Alverbank

Alver Bank House or Alver House, now the Alverbank Hotel, was built for John Wilson Croker, a politician and writer, MP and a founding member of the Athenaeum Club in London. Croker was a friend of Lord Ashburton, who built and lived in nearby Bay House and who encouraged him build Alver Bank House next door. The house was visited by Robert Peel, the Prime Minister and the Duke of Wellington. After Croker’s death in 1857, Prince Alfred Ernest, the future Duke of Edinburgh (from 1866) stayed at Alverbank from October 1857 to September 1858 whilst he studied under the Rev. Jolly and his tutor, Lieutenant Cowell R.E. The house, rented but not owned by Queen Victoria, was used by her when travelling to and from Osborne House.

In 1859, Lord Dumfermline was reported as living at Alverbank. In January 1863 the trustees of Croker leased the house to Captain John Edmund Commerell VC  for 21 years from 1 November 1862. He was the second son of John Williams Commerell of Strood Park, Horsham and he entered the navy in 1842 and awarded his VC in 1854. As Admiral Sir John Edmund Commerell, RN, VC he was resident with his family at Alverbank for a number of years surrendering the lease in 1869.

In 1907, the house was occupied by Edward Darell and Mrs Darell-Blount and sold in 1912 to Winfred Alured Comyn Platt, (later a Colonel), part of a marriage settlement between Platt and Louisa Maria Atherley. The Platt family built an extension to the house (dated 1912 above the doorway). The Platts did not move from London the house until 1915 to avoid the bombing raids and returned to London in 1917. Their motto can be seen by the front door (parva sed apta – small but fit, convenient or perfect).
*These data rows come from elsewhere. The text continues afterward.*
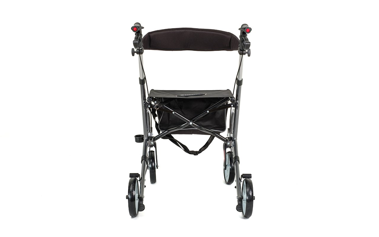 Fabricado em alumínio leve e resistente, este andarilho ergonómico possui punhos reguláveis em altura, rodas anti-furo de 20,3 cm e um sistema de travagem manual para maior controlo e segurança. Além disso, conta com um assento confortável em nylon, um encosto ajustável e uma bolsa de transporte, tornando-o ideal para o dia a dia.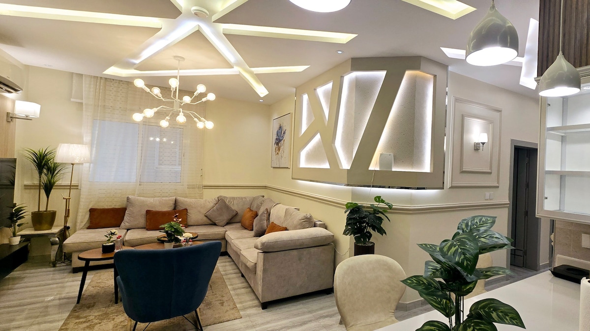تقع هذه الشقة الفاخرة في قلب أحد أرقى أحياء الرياض، حيث تتناغم الأناقة العصرية والتكنولوجيا مع التصاميم الثقافية الأصيلة. تتميز الشقة بمساحاتها الواسعة التي تضفي شعوراً بالرحابة والراحة، وتتميز بتفاصيلها الدقيقة التي تعكس ذوقاً رفيعاً. جدرانها بأسقف عالية، تحوي حديقة وجلسة خارجية خلابة تبعث على الاسترخاء. تتميز الشقة أيضاً بإضاءة خافتة ودافئة تخلق أجواءً مريحة، وتحتوي على قطع أثاث فاخرة مصنوعة من أجود أنواع الرخام و الأخشاب. "تعتبر هذه الشقة ملاذاً مثالياً للاسترخاء والاستجمام والهدوء والذوق"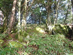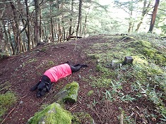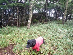 逃げようにも逃げられず。帰ろうかとも思うのだが、もうニンジンをぶら下げられたような距離となり、頑張れば到達できそうだった。さすがの四駆の迷犬も進度が落ち後ろを歩くようになった。藪の中に潜る場所がなく、跨ぎ乗り越え分け進まねばならないのだった。ちょっと連れてきたことを可哀そうに思ったが、もうすぐ目標点と手と足は動かし続ける。濡れ鼠の衣服に、笹についている白い粉のようなものが付着する。植物性なのか、虫のよるものなのか判らないでいる。汚れなど、もうどうでもよかった。向かう先の空が青く見えてきた。もうすぐ。山頂部は黒く見え、岩頭な形状のように見えていた。直下で笹の植生は終わり、見えた通り山頂は露岩の折り重なった場所であった。

They then let Alverbank to Lt R Smith-Barry, who used the house as an extension to the officers’ mess from nearby Fort Grange airfield. Here he worked on the famous ‘Gosport Tube’, an apparatus that allowed young pilots to talk to their instructors during training flights.

In 1947 Gosport Borough Council made an offer of £7,500 for Alverbank with the accompanying 7½ acres of park land adjoining Stanley Park. The offer was refused so the Council issued a Compulsory Purchase Order with the house becoming theirs in 1948. Listed Grade II it is now the Alverbank Hotel.

Alverbank Bridge

South of the Alverbank Hotel is a small brick bridge built by the Royal Engineers in 1860 to replace an existing bridge that crossed the River Alver allowing John Wilson Croker, who lived in Alverbank until 1857, to get to the sea.
 
The River Alver  river once flowed from the wildgrounds south of Fareham, seawards, towards Stokes Bay and turned eastward at Gomer Ponds to run the length of Stokes Bay, finally exiting to the sea via a huge ‘Morass’ close to Fort Monckton. But there is no river here now!
 
Beneath the bridge is the overgrown, dried up, river bed, barely recognisable as such. In 1860 the River Alver was diverted into the newly constructed Stokes Bay Moat which ran along the length of Stokes Bay from No1 and No2 Batteries in the west to Fort Gilkicker and Fort Monckton in the east, a distance of 2,700 yards. Known as The Stokes Bay Lines it was completed by 1870 at a cost, calculated to be £75,120. The moat itself was lined with concrete and was 60ft in width and contained water to depth of 9ft at high water of Spring tides.
 
The R.E. bench mark (a broad arrow) on one of the pillars that reads 5.56ft above LMS (Local Mean Sea level). The brick parapets and pillars were recently re-built but happily the bench mark and inscription survived. When over the bridge you can look left and right to see where the Stokes Bay Moat once ran in both directions.
 
There was a second bridge here crossing the moat and this can be seen in old postcards. When the weather is particularly dry you can sometimes see the concrete sides of the moat, which is still there beneath the grass. The moat was not destroyed, this section was merely filled with rubbish after an appeal to Gosport house holders to supply it. The section from No.2 Battery to Alverbank was filled first from October 1954 so that the Stokes Bay Road and promenade could be widened. The section in front of Palmerston Way survived until 1966, at the request of the residents who wanted to keep it. If you look over the sea wall at low tide you can see the Victorian penstock outlet, a large iron pipe, that allowed the Royal Engineers to maintain the depth of water in the moat. The filled-in moat is now piped to this outlet.